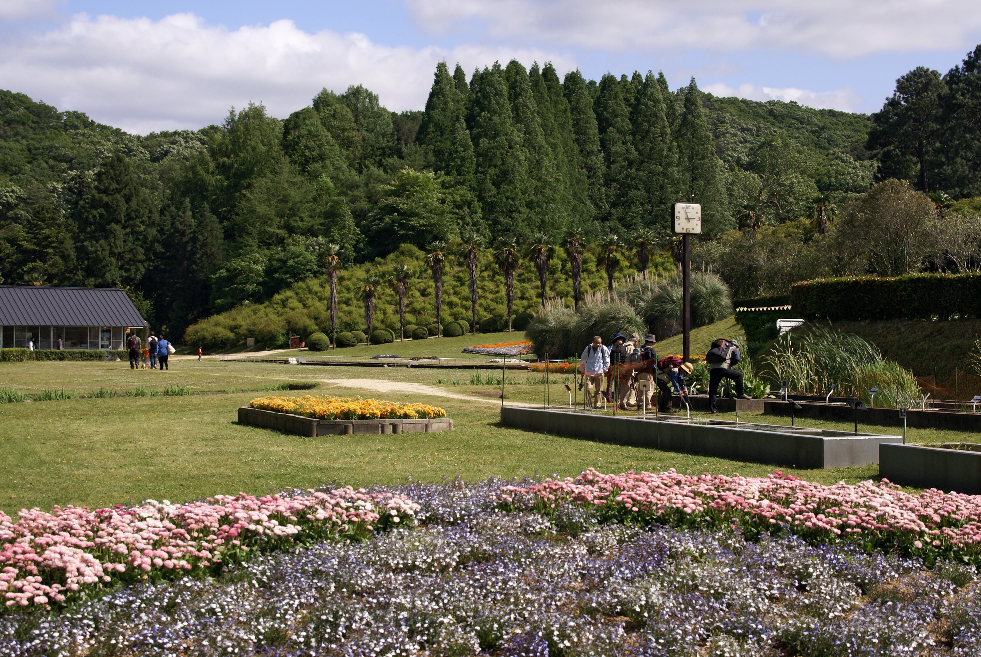 Botanical Gardens Faculty of Science Osaka City University in Katano, Osaka prefecture, Japan
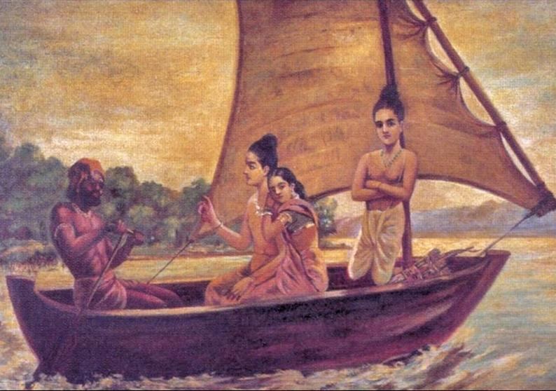 Sree Rama along with Sita and Lakshmana crossing river Sarayu
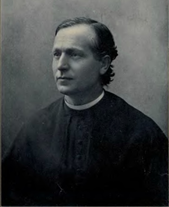 Father Andrej Hlinka, catholic priest and Slovak nationalist politician
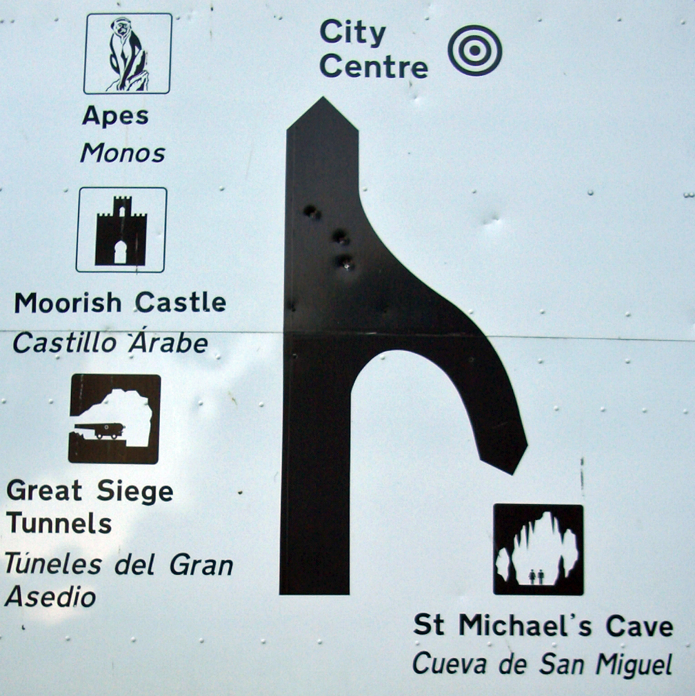 Bilingual sign in the Upper Rock Nature Reserve, Gibraltar.
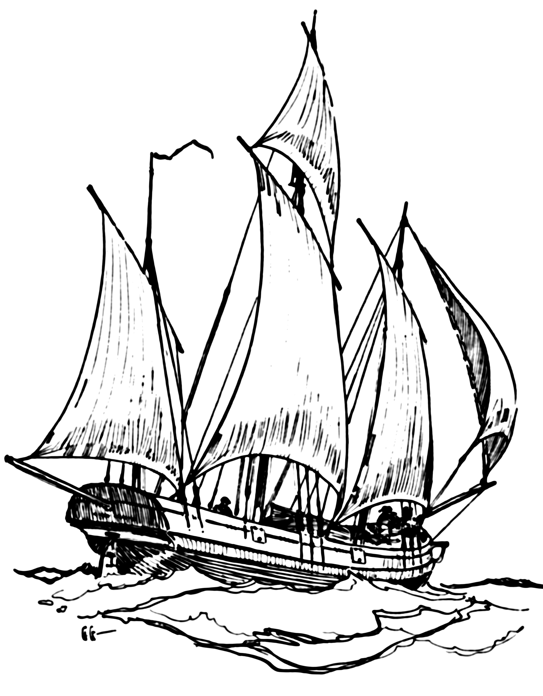 Drawing of a lugger.
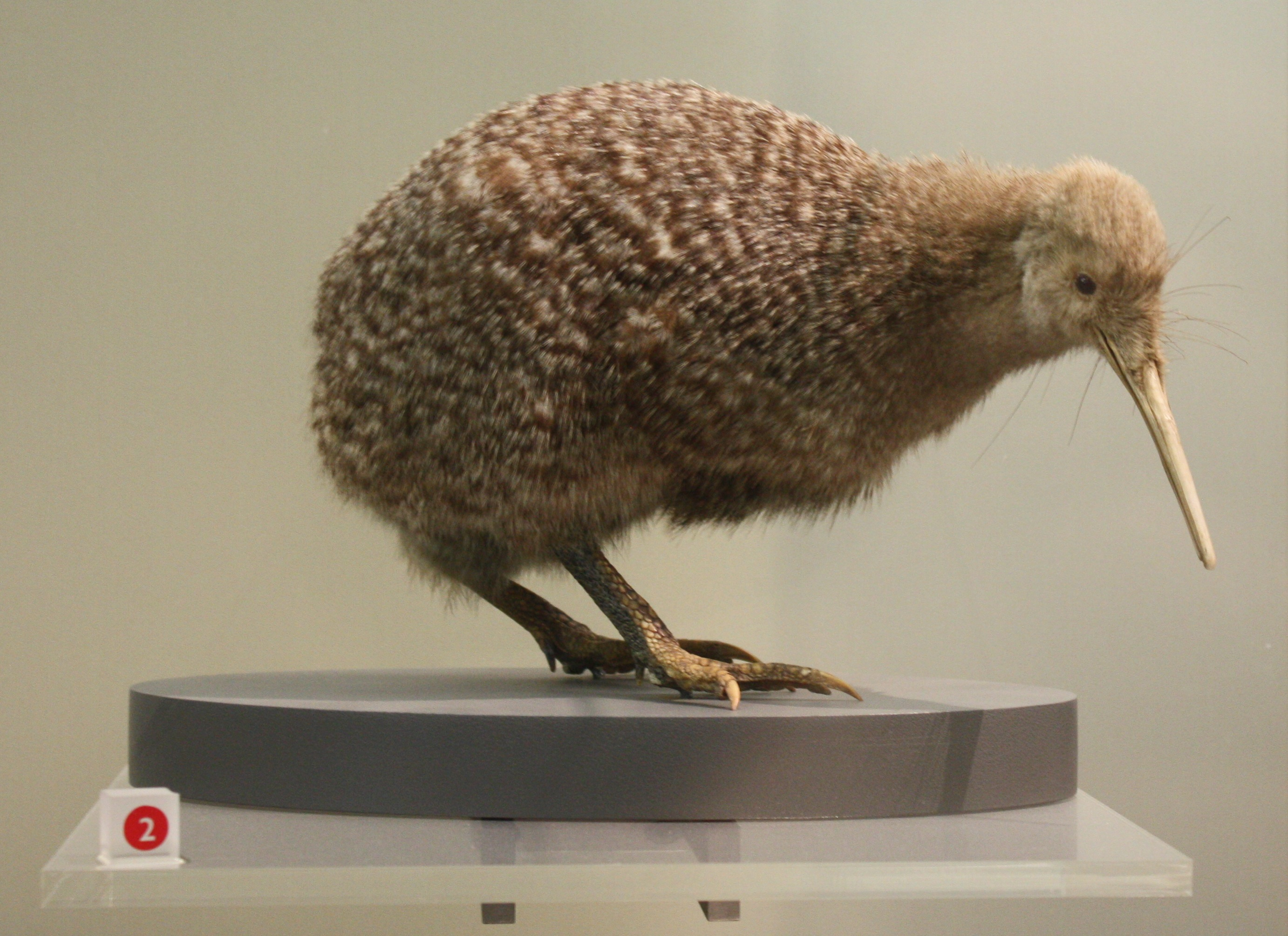 Little spotted kiwi, Apteryx owenii, Auckland War Memorial Museum
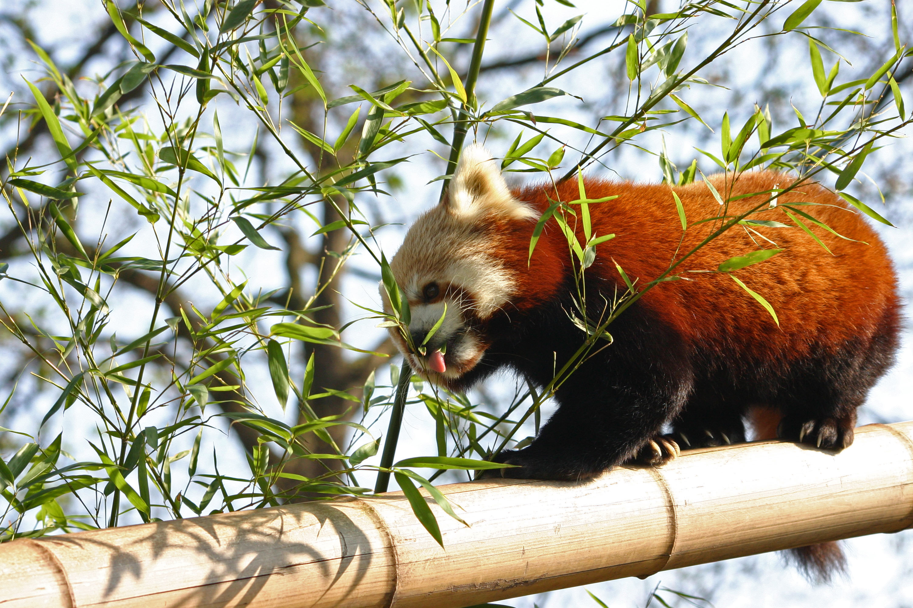 A red panda in the menagerie of the Jardin des Plantes in Paris.
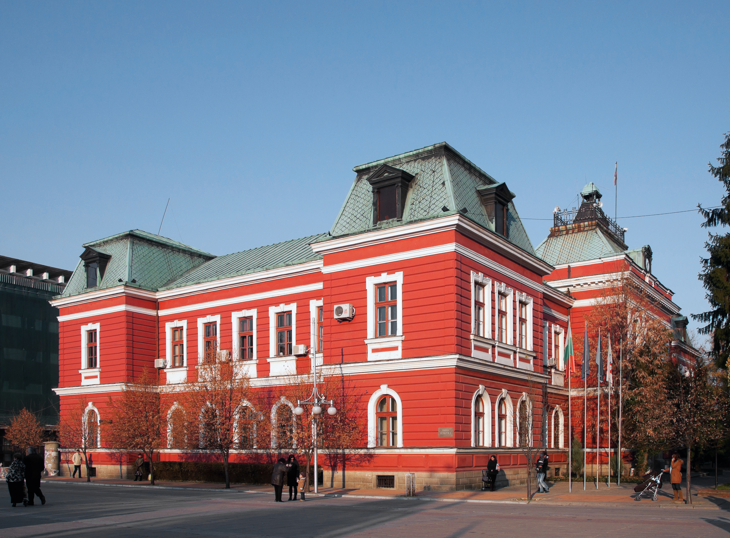 The West facade of the Town Hall in Kyustendil, Bulgaria.
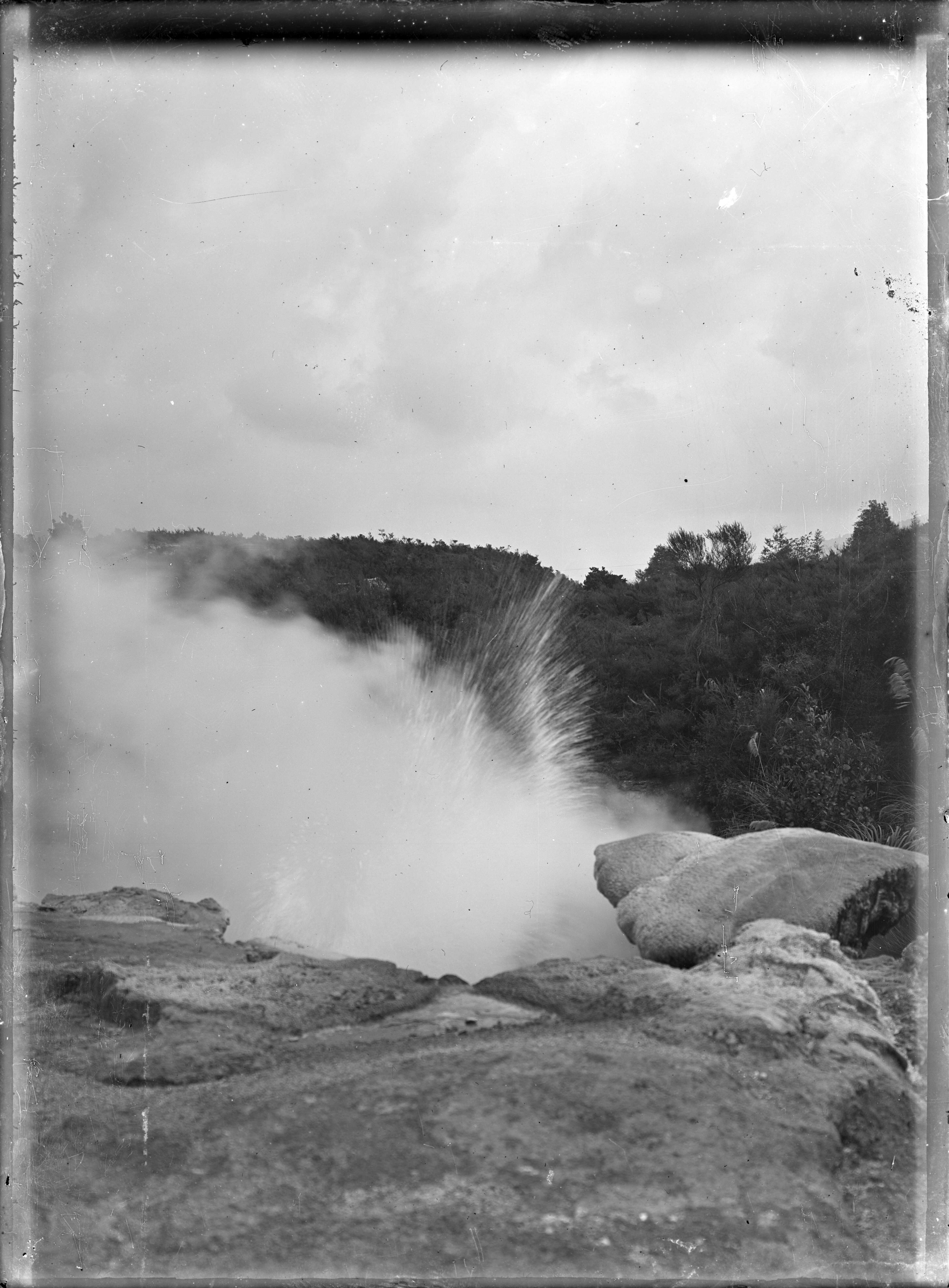 Papakura Geyser at Whakarewarewa. Photographed by Albert Percy Godber in 1916. Dated from other images in the Godber Album at PA1-q-102.
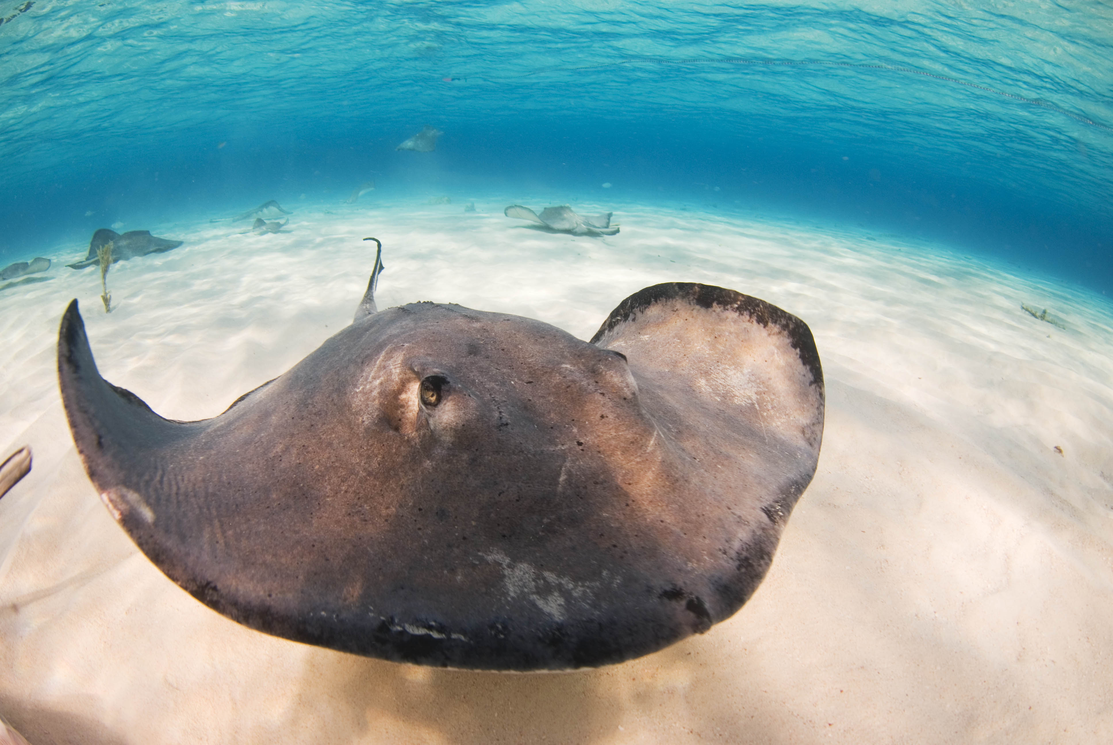 Dasyatis americana
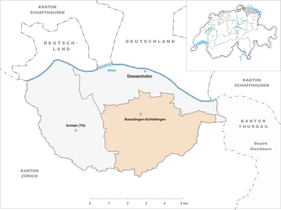 Municipality Basadingen-Schlattingen

--------

Could you transcribe exactly the lines running from the one with "Dasyatis americana" to the final line of the material above, both included, with no pictures?

EXERCISE OUTPUT ->
 Dasyatis americana
 Municipality Basadingen-Schlattingen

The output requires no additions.